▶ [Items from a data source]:
#####
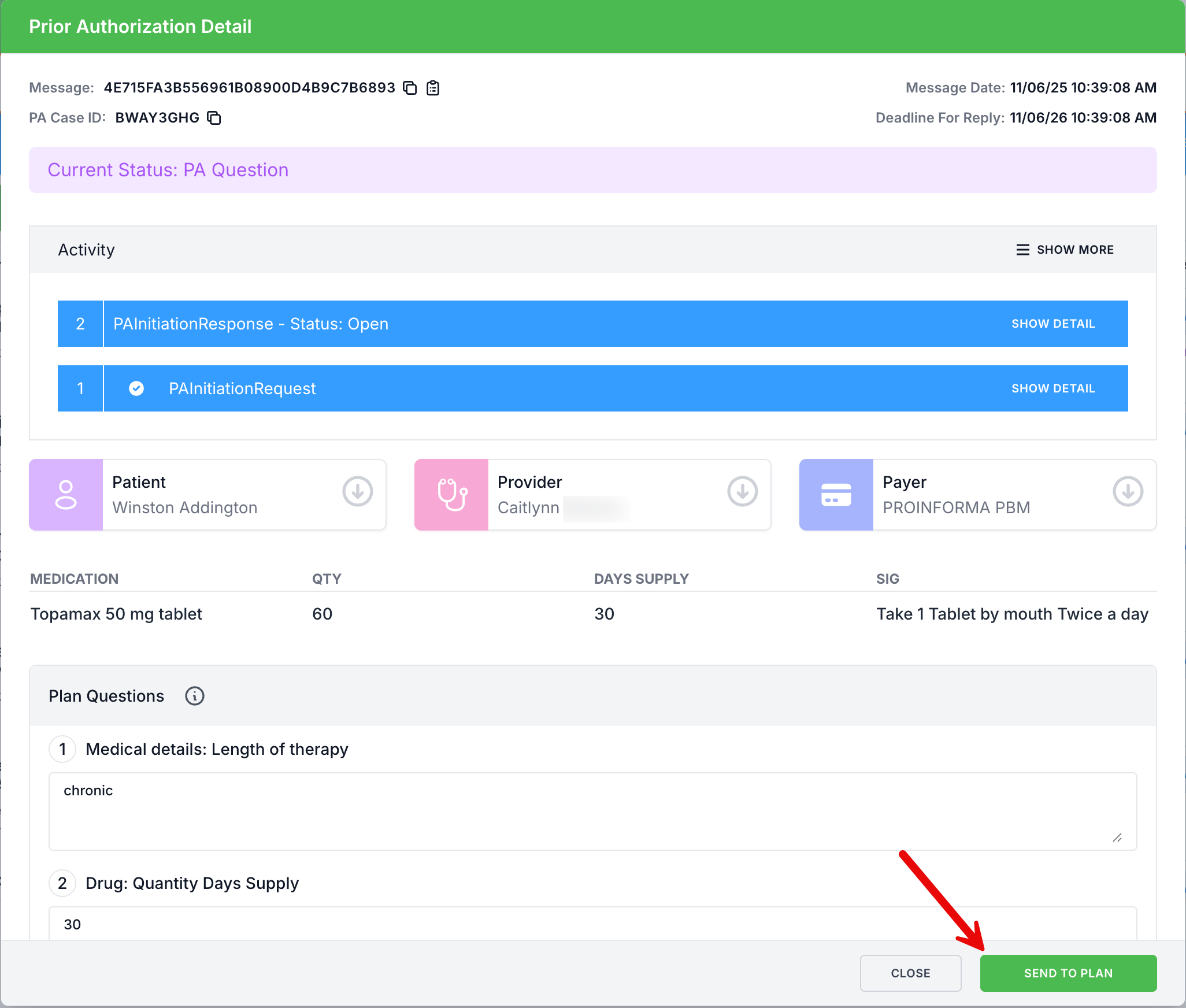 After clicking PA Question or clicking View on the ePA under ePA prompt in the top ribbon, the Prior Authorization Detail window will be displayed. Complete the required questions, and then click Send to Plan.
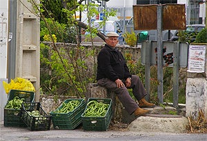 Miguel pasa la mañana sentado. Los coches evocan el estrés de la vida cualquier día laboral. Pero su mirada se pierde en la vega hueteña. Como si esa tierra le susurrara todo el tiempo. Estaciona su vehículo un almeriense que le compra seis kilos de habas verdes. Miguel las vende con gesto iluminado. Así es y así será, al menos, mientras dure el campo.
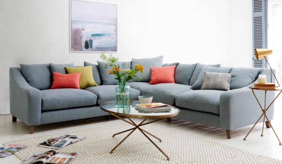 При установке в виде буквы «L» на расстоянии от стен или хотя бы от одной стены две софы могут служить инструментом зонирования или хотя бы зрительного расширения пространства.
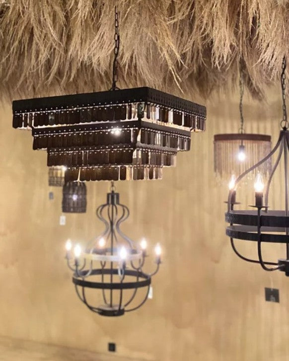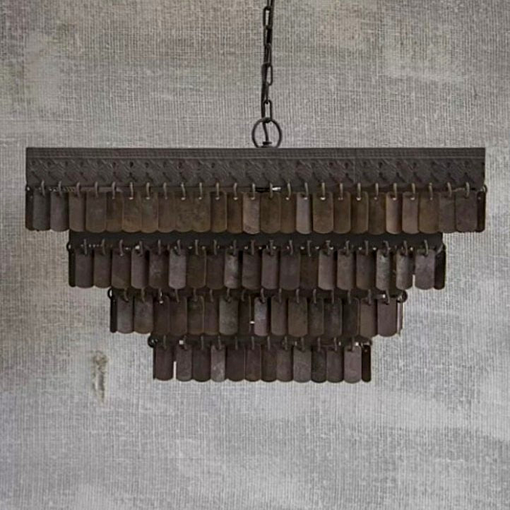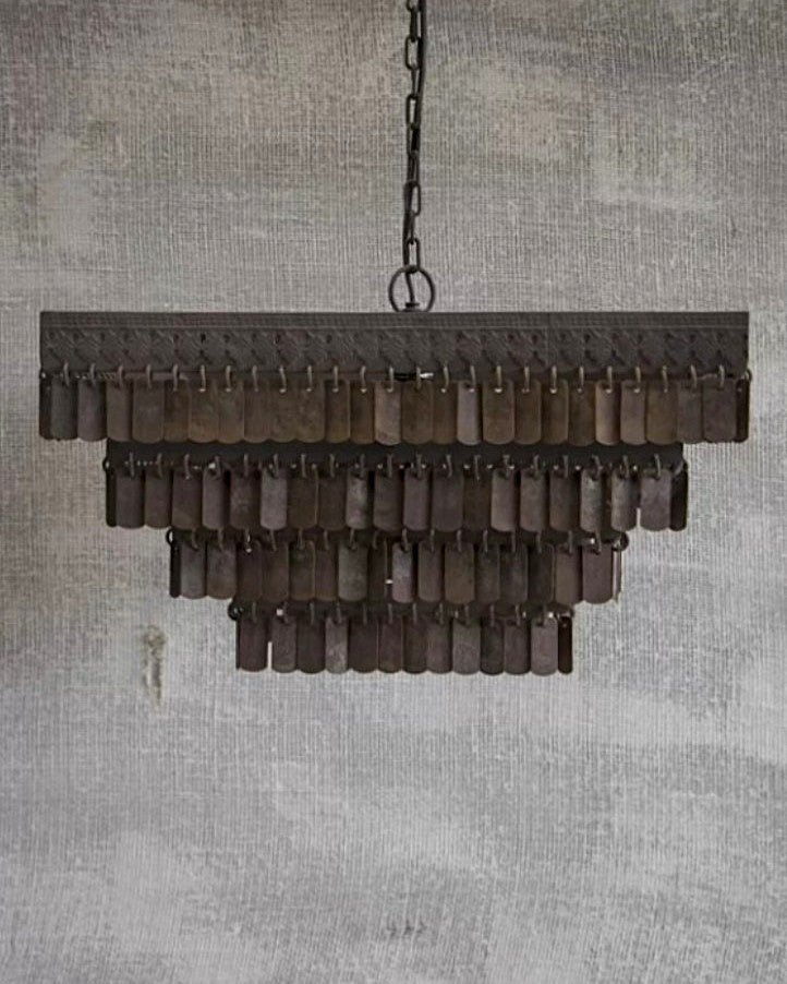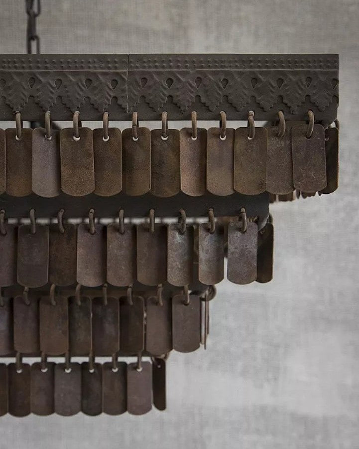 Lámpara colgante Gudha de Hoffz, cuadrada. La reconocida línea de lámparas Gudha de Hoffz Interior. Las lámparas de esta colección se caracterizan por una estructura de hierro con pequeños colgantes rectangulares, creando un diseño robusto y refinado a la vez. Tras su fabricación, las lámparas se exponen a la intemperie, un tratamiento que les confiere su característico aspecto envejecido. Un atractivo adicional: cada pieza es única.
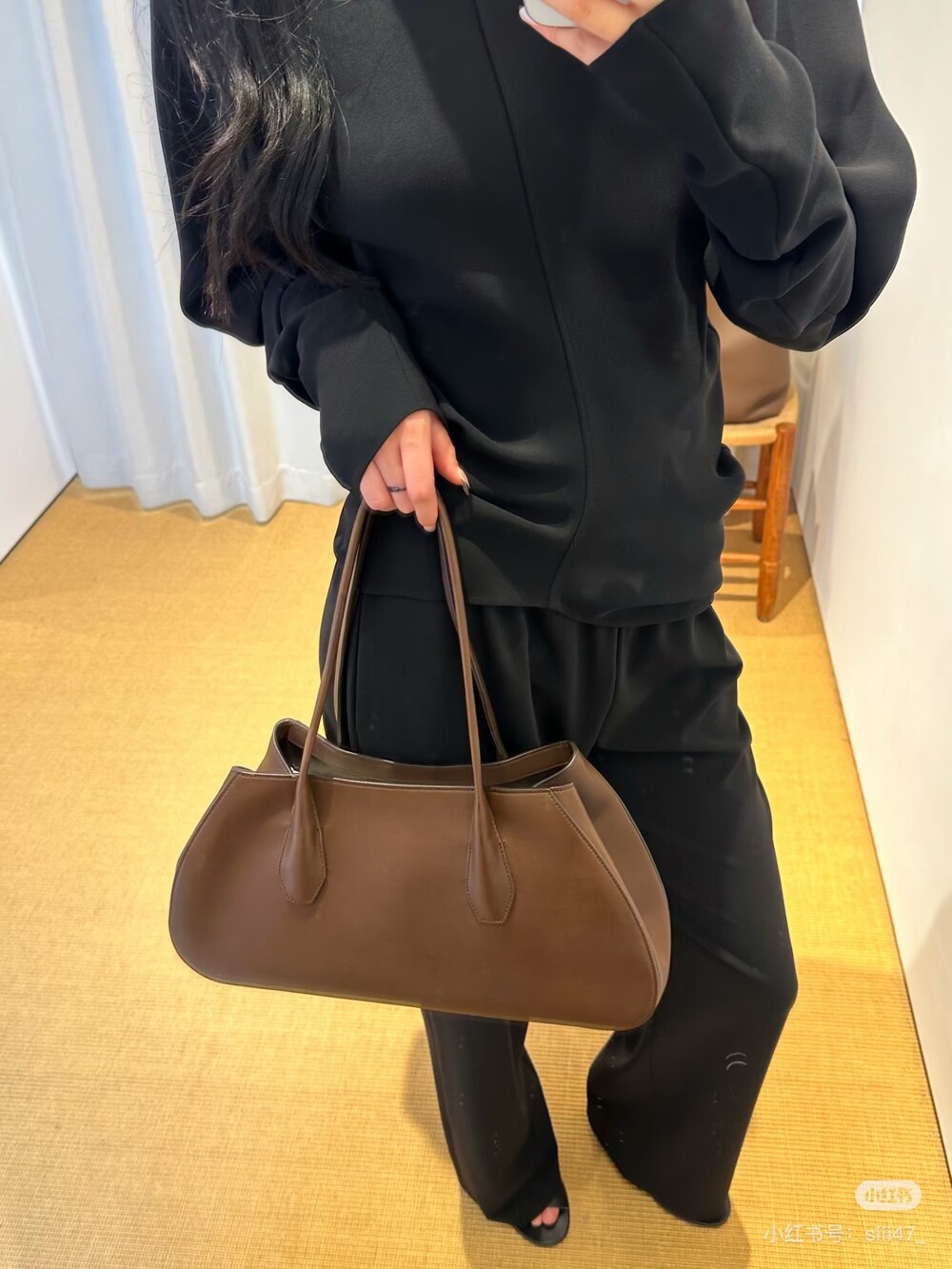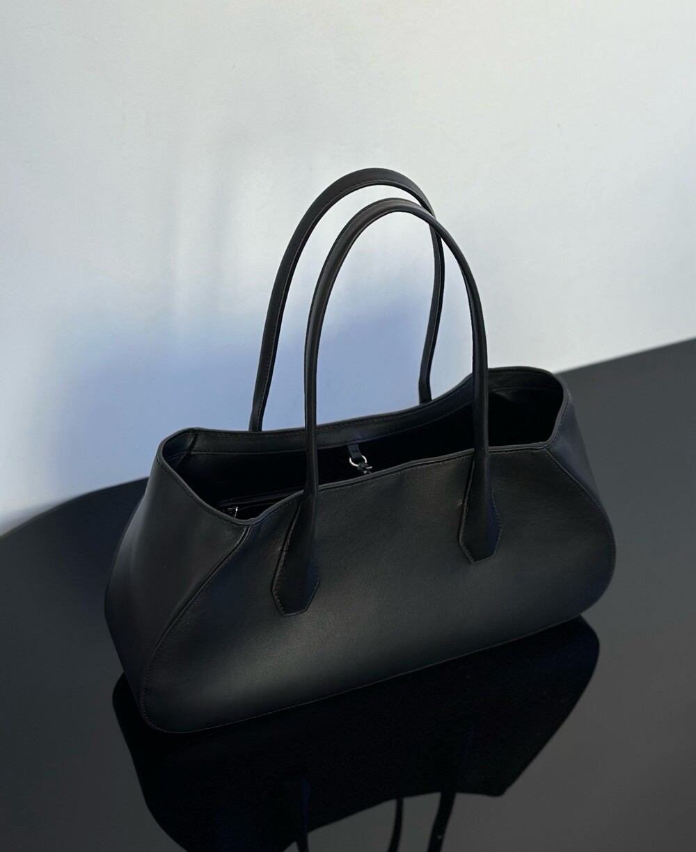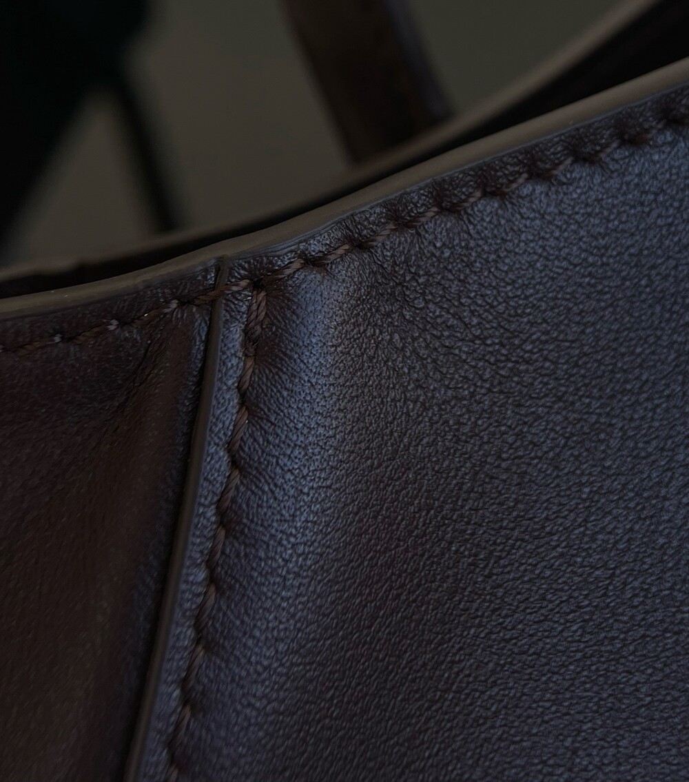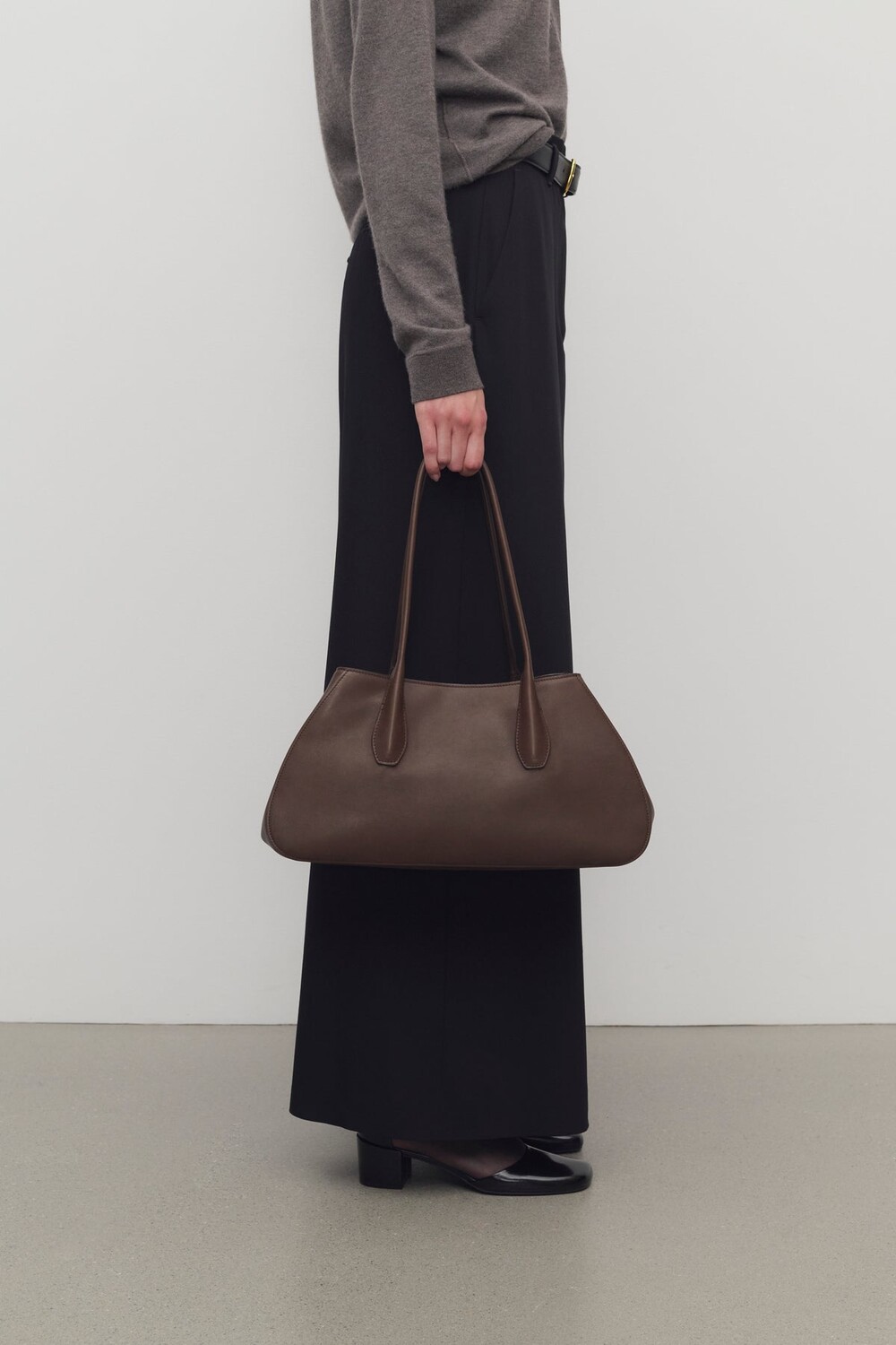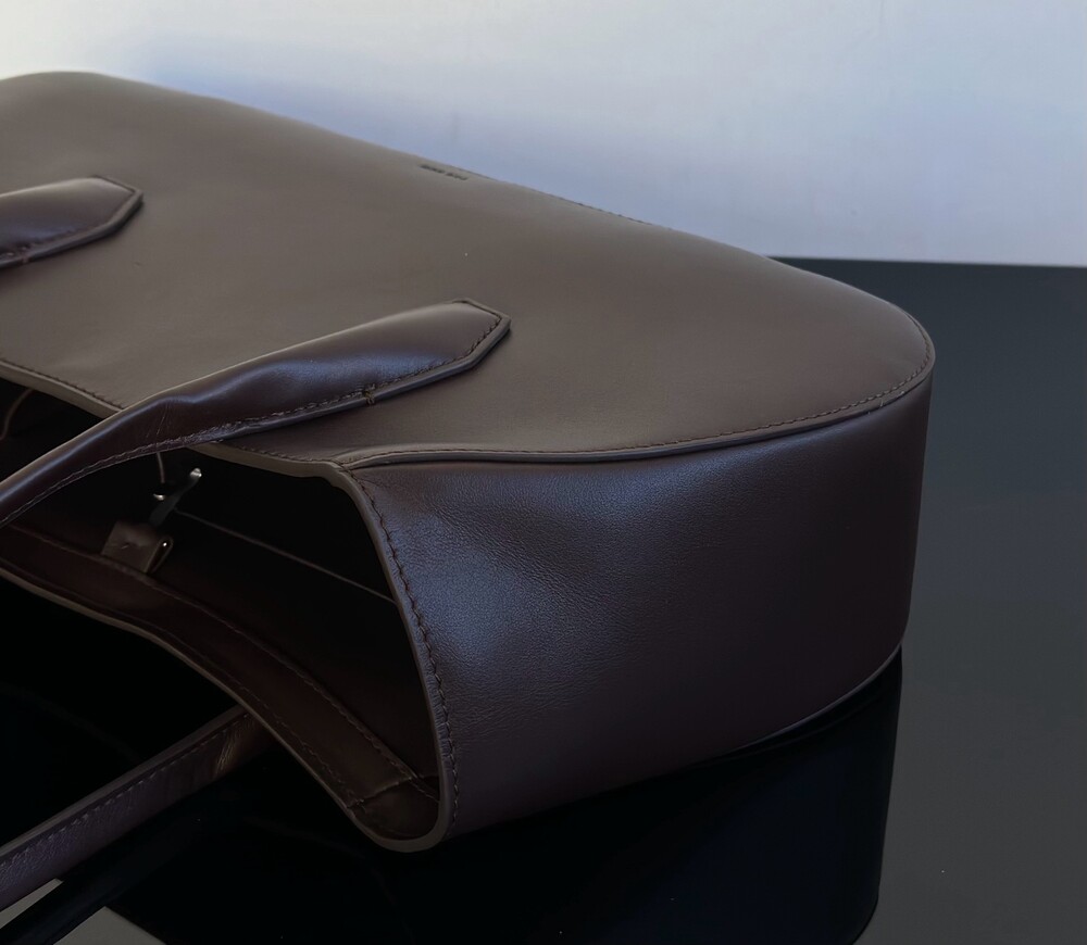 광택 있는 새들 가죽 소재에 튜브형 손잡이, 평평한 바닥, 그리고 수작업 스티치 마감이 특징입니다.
#####
▶ [Your goal]:
All entries should be restated word for word; no images belong in the copy.

▶ [Written solution]:
 After clicking PA Question or clicking View on the ePA under ePA prompt in the top ribbon, the Prior Authorization Detail window will be displayed. Complete the required questions, and then click Send to Plan.
 Miguel pasa la mañana sentado. Los coches evocan el estrés de la vida cualquier día laboral. Pero su mirada se pierde en la vega hueteña. Como si esa tierra le susurrara todo el tiempo. Estaciona su vehículo un almeriense que le compra seis kilos de habas verdes. Miguel las vende con gesto iluminado. Así es y así será, al menos, mientras dure el campo.
 При установке в виде буквы «L» на расстоянии от стен или хотя бы от одной стены две софы могут служить инструментом зонирования или хотя бы зрительного расширения пространства.
 Lámpara colgante Gudha de Hoffz, cuadrada. La reconocida línea de lámparas Gudha de Hoffz Interior. Las lámparas de esta colección se caracterizan por una estructura de hierro con pequeños colgantes rectangulares, creando un diseño robusto y refinado a la vez. Tras su fabricación, las lámparas se exponen a la intemperie, un tratamiento que les confiere su característico aspecto envejecido. Un atractivo adicional: cada pieza es única.
 광택 있는 새들 가죽 소재에 튜브형 손잡이, 평평한 바닥, 그리고 수작업 스티치 마감이 특징입니다.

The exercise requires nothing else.